▶ _INPUT FOR THIS TASK_:

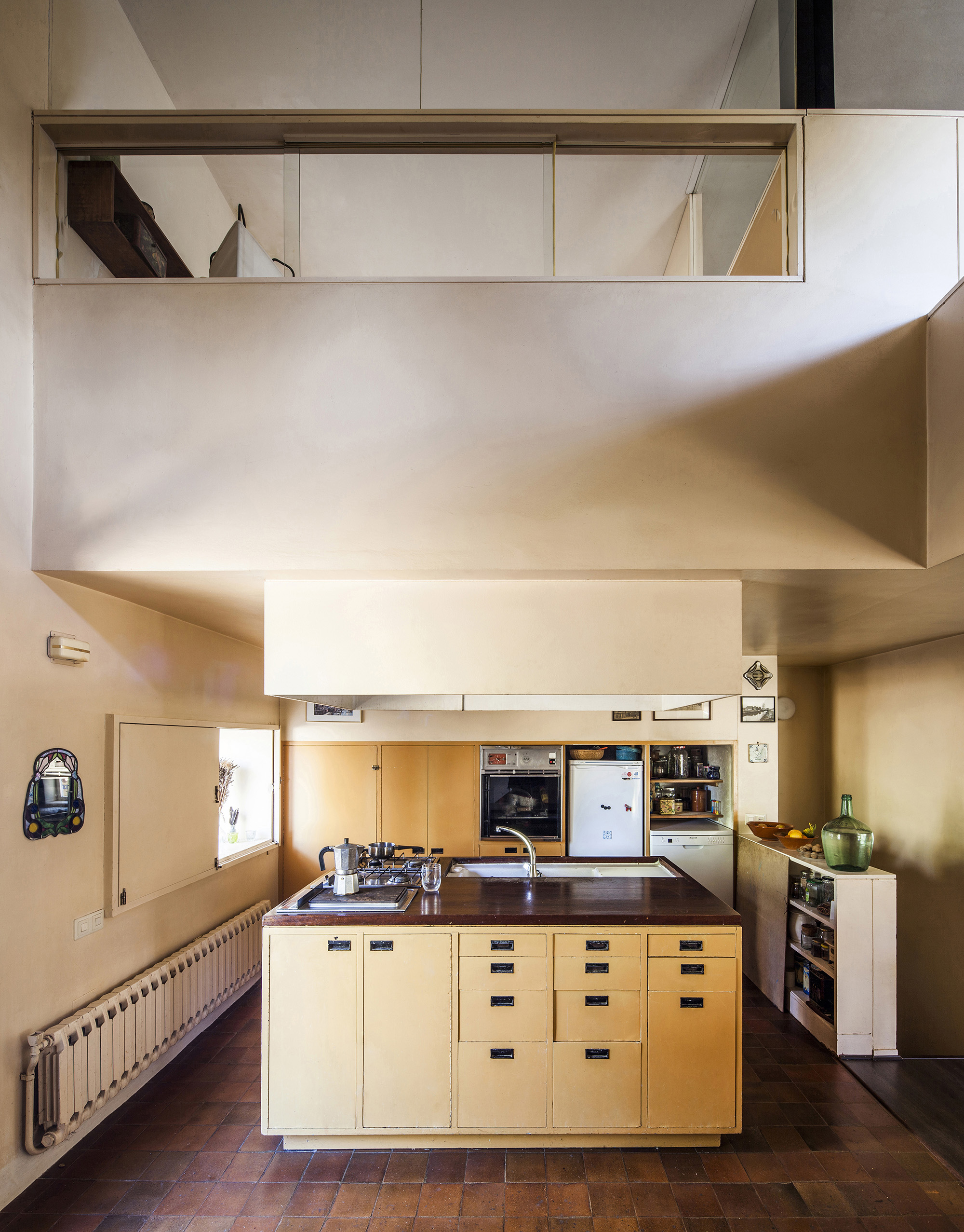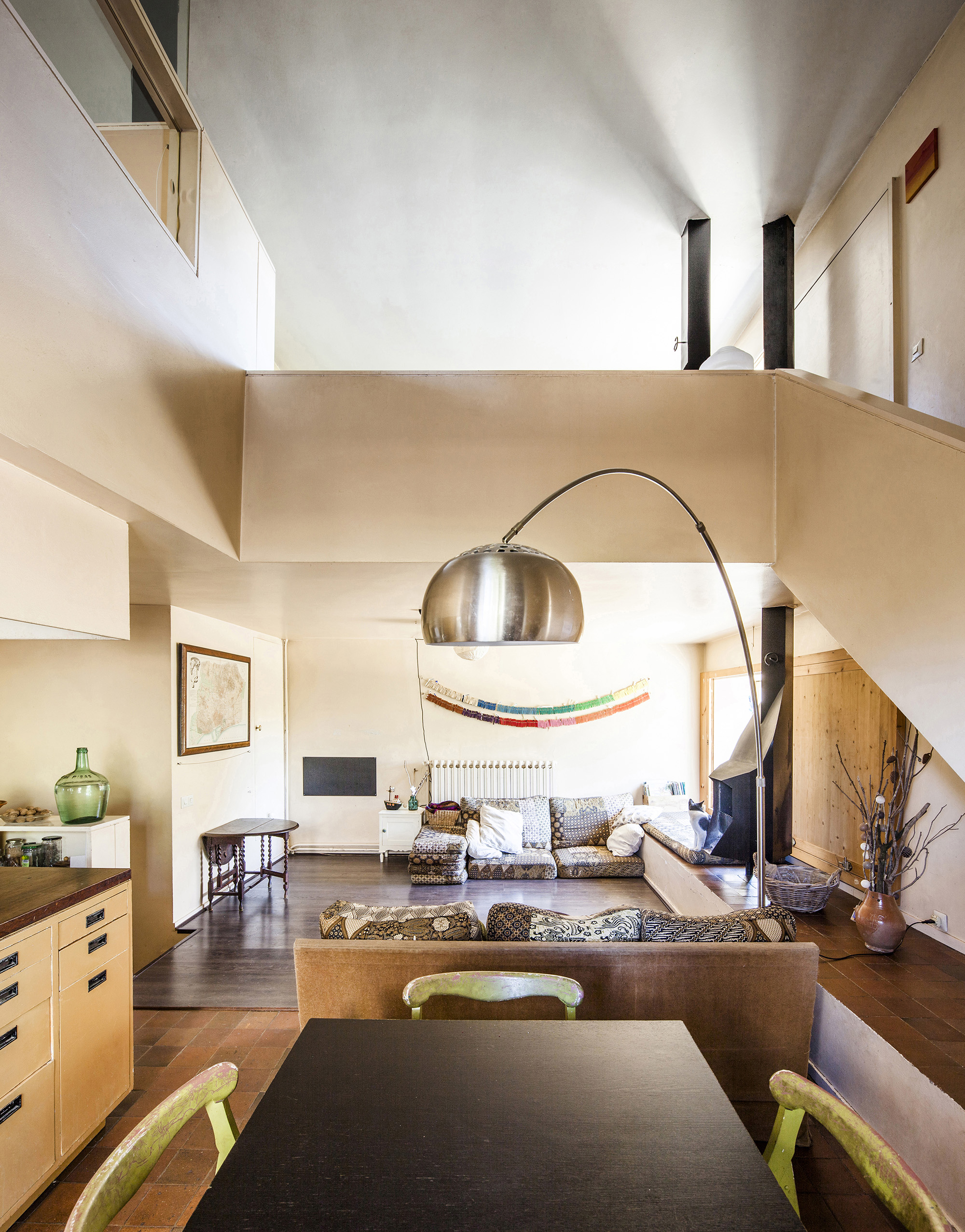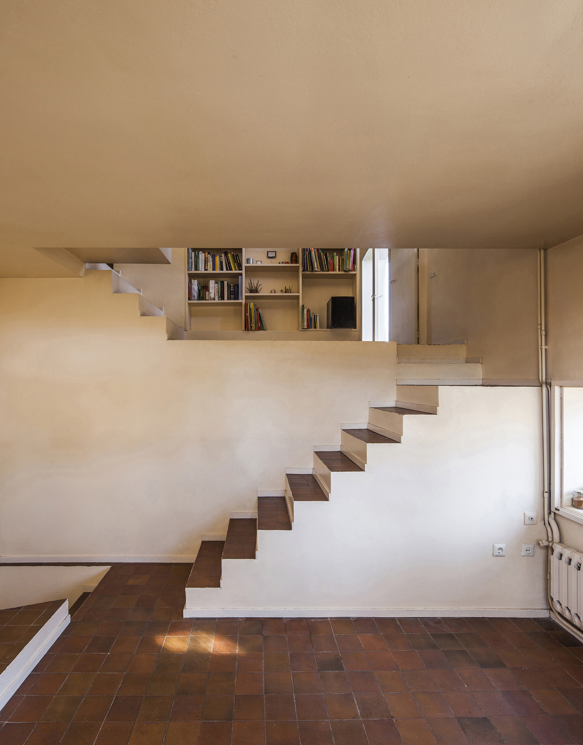 The space in question, a unique storeroom that was being used as a container, had varying topography: its two ends were adapted to deal with the uneven terrain, while its central part was raised above the ground due to the wine barrels kept there. All of this was under one roof, a Catalan-style flat rooftop terrace on one level (unlike the different floors inside).
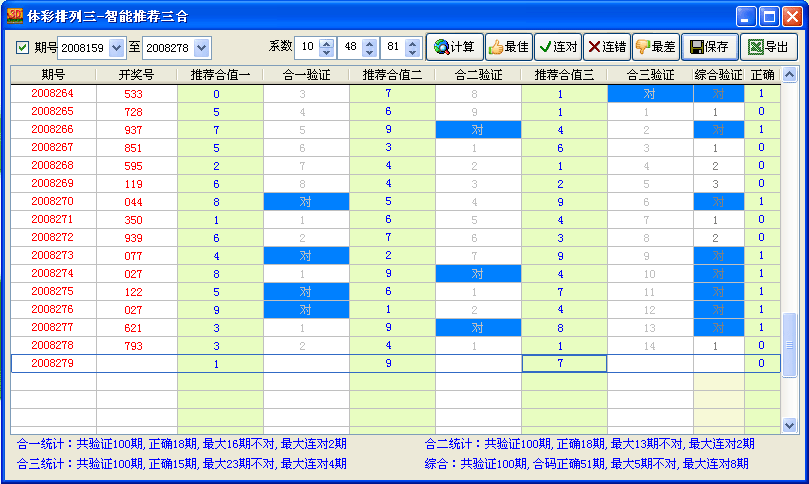 最佳参数按钮:可以让你快速找出当前推荐合值最佳的系数。找出来的系数只表示过去统计范围中效果最好的系数,并不代表未来的预期。此按钮功能就是要让您去把握高中奖率公式的热态走势。一个高中出率的推荐结果出来后,肯定不会那么快走冷,按热态公式参考3-5期,必有收获。隔一定期数后再重新扫描,又可去参考最新的高中出率公式,依此类推。
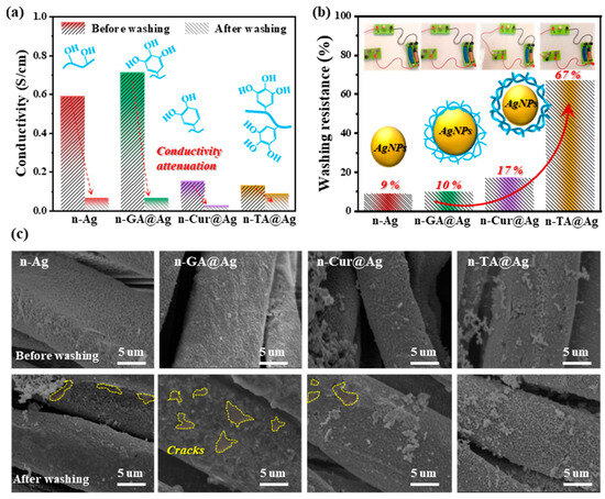 Durability is critically important in wearable electronic applications, where sustained conductivity through repeated washing is a major hurdle. To reveal the stability for practical applications, the conductivity and washing resistance of the nanocomposite coatings on cotton fabrics were tested. As shown in Figure 5a, all fabrics initially exhibited high conductivities ranging from 0.13 S/cm to 0.7 S/cm due to the incorporation of AgNPs and relatively compact coating structures. These results are in good agreement with those of high-performance AgNP coatings based on the advantages of the mirror reaction. However, after undergoing multiple wash cycles at 60 °C, the efficacy of these coatings became markedly distinct. n-TA@Ag stood out with superior conductivity retention, emphasizing the robust adhesion and stabilization effects of this particular polymeric coating. The superior performance of n-TA@Ag can be traced back to tannic acid’s unique binding capabilities and super-molecular structure, which enhance the structural integrity of the conductive pathways. In terms of stability assessments (Figure 5b), n-TA@Ag coatings demonstrate exceptional resilience against multiple washings, maintaining their conductive properties without significant degradation (67%). This outstanding performance is likely rooted in the strong interaction between polyphenols and silver nanoparticles, forming a stable conductive network, a phenomenon corroborated by previous studies on biocompatible binders [37].
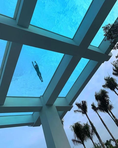 Floor panels are ideal for cantilevered swimming pools, and can also be used to create underwater skylights for rooms and spaces below the pool
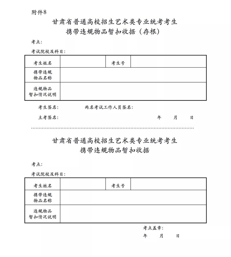 8.甘肃省普通高校招生艺术类专业统考考生携带违规物品暂扣收据
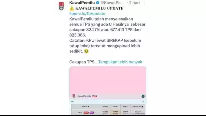 "Dari hasil real count KawalPemilu menempatkan Prabowo-Gibran unggul dengan 58,44%. KawalPemilu memastikan telah menyelesaikan semua TPS yang ada C, hasilnya sebesar cakupan 82.27% atau 677.413 TPS dari 823.366," tulis keterangan KawalPemilu.org seperti dilihat pada akun X resminya, @KawalPemilu_org yang dilihat Rabu, (13/3).
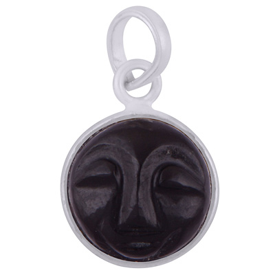 Home | Silver Pendants | Cabochon Pendants | Beautifully Face Carved Bezel Black Onyx Round Shape 925 Sterling Solid Silver Pendant
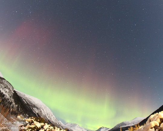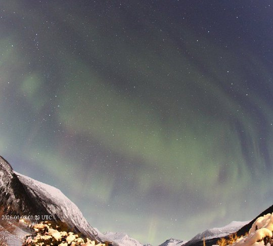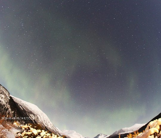 2026年1月7日至8日(一个寒冷的夜晚,气温为20摄氏度)的几张北极光图片。当地时间午夜前后,北方出现了一条极光带。请查收随附的带有UTC时间的图片。
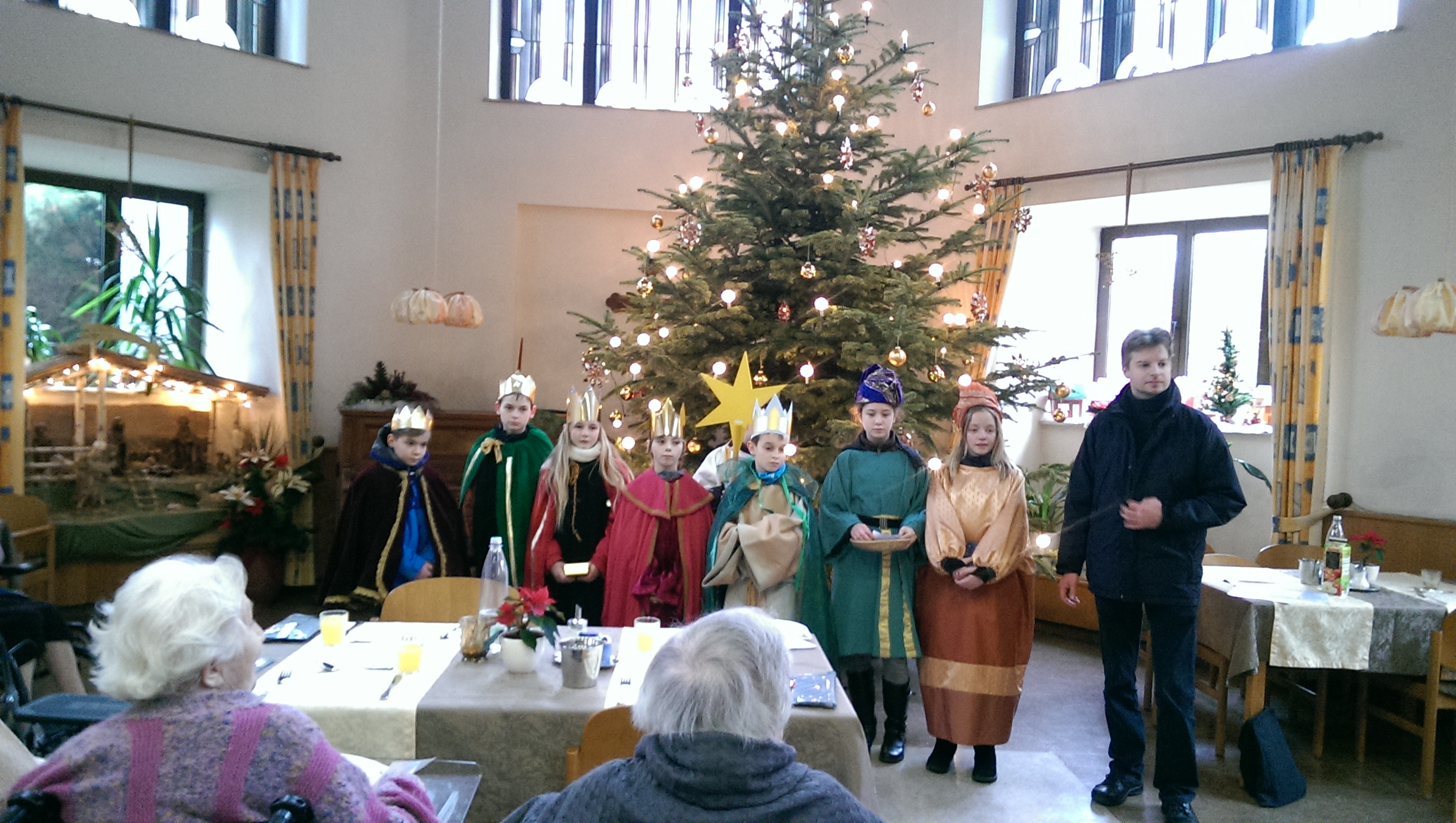 Das Sternsingen ist ein katholischer Brauch. Die Sternsinger ziehen verkleidet als die Heiligen Drei Könige durch die Gemeinden und sie hinterlassen Segensbitten an den Häusern, die sie besuchen. Die über der Eingangstür platzierte Formel 20*C+M+B+15 soll Gottes Segen auf das Haus und seine Bewohner herabrufen und vor Unglück schützen. Hierbei steht der Stern für den Stern von Bethlehem, die drei Kreuze für den Dreifaltigen Gott und die drei Buchstaben sind die Abkürzung für „christus mansionem benedicat“ (lateinisch für „Christus segne dieses Haus.“). Der Besuch der Sternsinger ist für die Bewohner des Paulusheims immer eine besondere Freude. Dieses Jahr waren gleich acht Heilige aus dem Morgenland gekommen. Die Schüler aus der 5. und 6. Klassenstufe, sangen „Wir kommen daher aus dem Morgenland“ und sprachen danach die Haussegnung 2015. Am Nachmittag feierten die Bewohner des Altenpflegeheims noch einmal, bei Kaffee und Kuchen, das Dreikönigsfest.
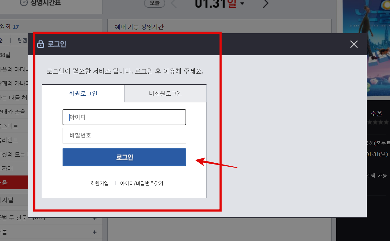 영화를 예매 하기 위해서는 로그인을 해 주어야 하나 비회원로그인을 통해서 굳이 회원가입 절차 없이도 빠른 예매는 가능합니다.
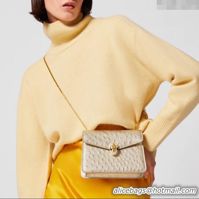 Top Grade Bvlgari Serpenti Forever Medium Shoulder Bag in Ostrich Pattern Calf Leather 30032 Gold 2024
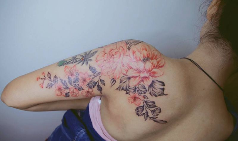 • 女性大花胸纹身_43张霸气漂亮的女性大花胸纹身图案作品
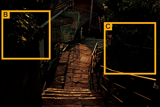 (B) and (C): A brick wall and trees that flanked the staircase. They were cast in shadow, and I incorporated them into the shot so that (A) would stand out better.
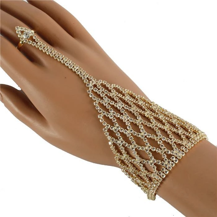 Bling up your style with this gorgeous hand piece covered in rhinestones with fasting around the wrist and finger. Add some bling with a dress on your next night out!
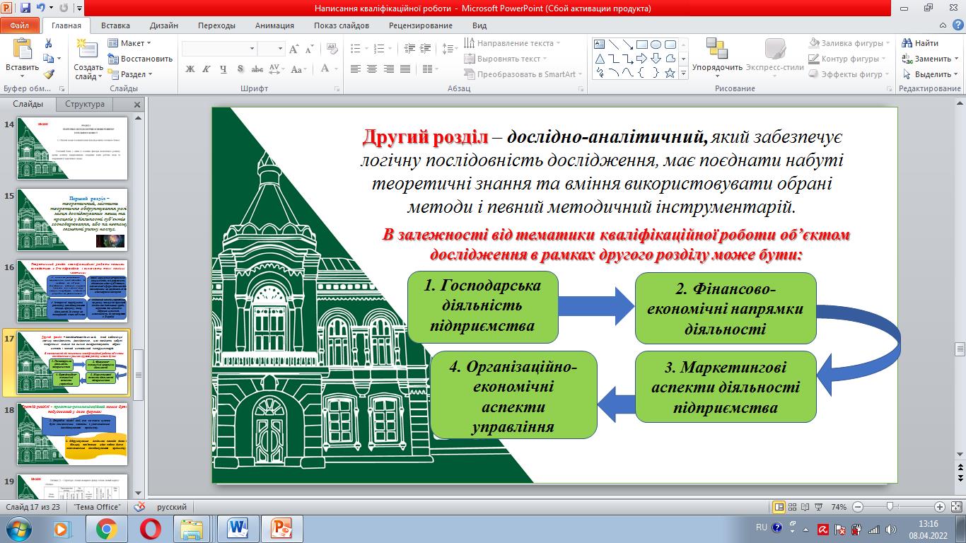 8 квітня 2022 року для здобувачів вищої освіти за спеціальностями 241 «Готельно-ресторанна справа» (освітня програма «Готельно-ресторанна справа») та 242 «Туризм» (освітня програма «Міжнародний туристичний бізнес») освітнього ступеня «магістр», к.е.н., доцентом кафедри туризму та готельно-ресторанної справи Мариною Рябенькою було проведено семінар на тему: «Кваліфікаційна робота як самостійне наукове дослідження: вимоги до виконання та захисту».
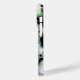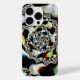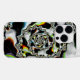 This iPhone case features an abstract, psychedelic spiral fractal art in black and white with yellow, orange, blue, and green accents.
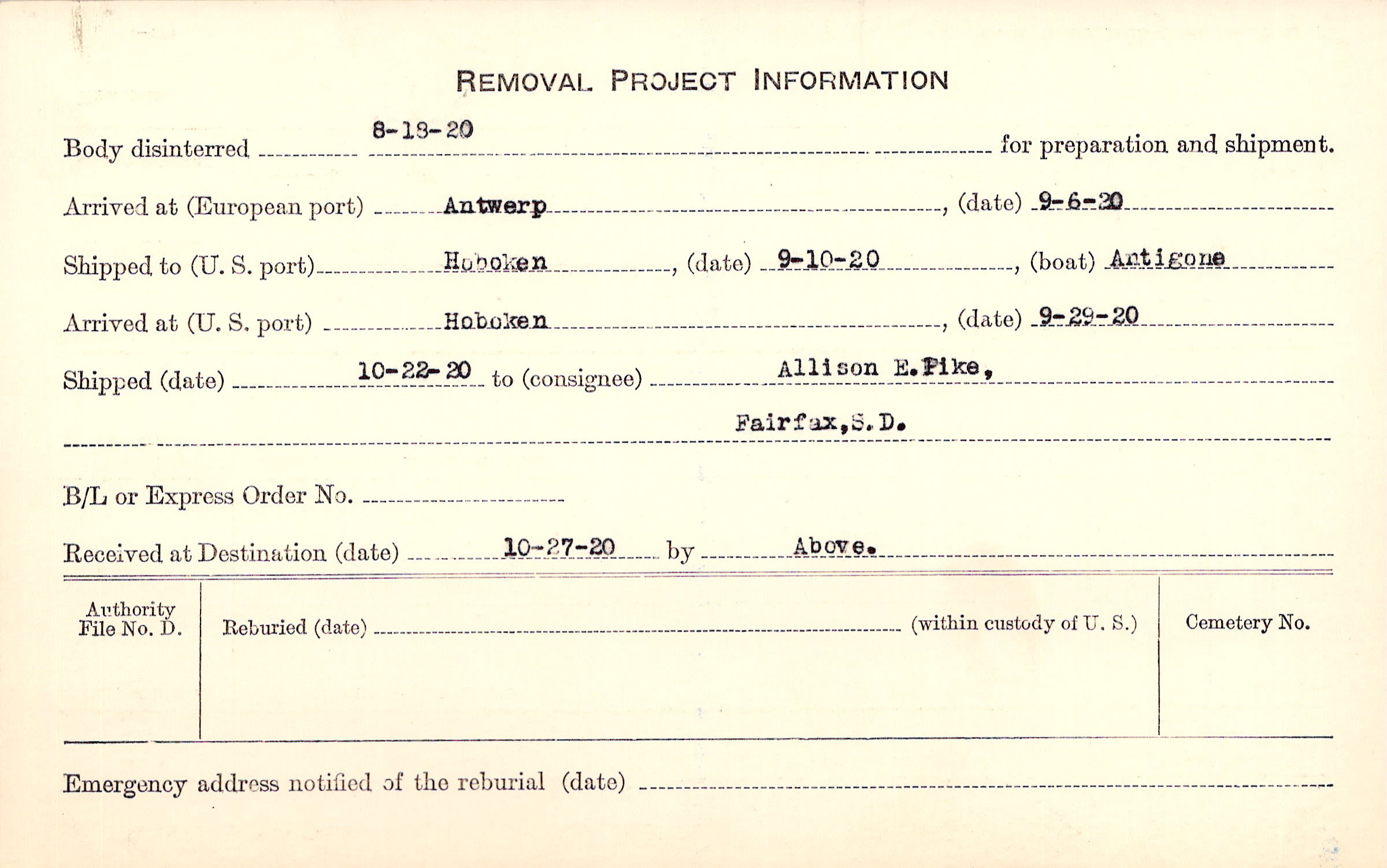 Body disinterred 8/18/1920 for preparation and shipment.

▶ _TASK INSTRUCTIONS_: Each line between the one holding "8.甘肃省普通高校招生艺术类专业统考考生携带违规物品暂扣收据" and the one holding "dilihat Rabu, (13/3).", inclusive, should be copied exactly as it appears above, and pictures should be omitted.

▶ _PROBLEM SOLUTION_:
 8.甘肃省普通高校招生艺术类专业统考考生携带违规物品暂扣收据
 "Dari hasil real count KawalPemilu menempatkan Prabowo-Gibran unggul dengan 58,44%. KawalPemilu memastikan telah menyelesaikan semua TPS yang ada C, hasilnya sebesar cakupan 82.27% atau 677.413 TPS dari 823.366," tulis keterangan KawalPemilu.org seperti dilihat pada akun X resminya, @KawalPemilu_org yang dilihat Rabu, (13/3).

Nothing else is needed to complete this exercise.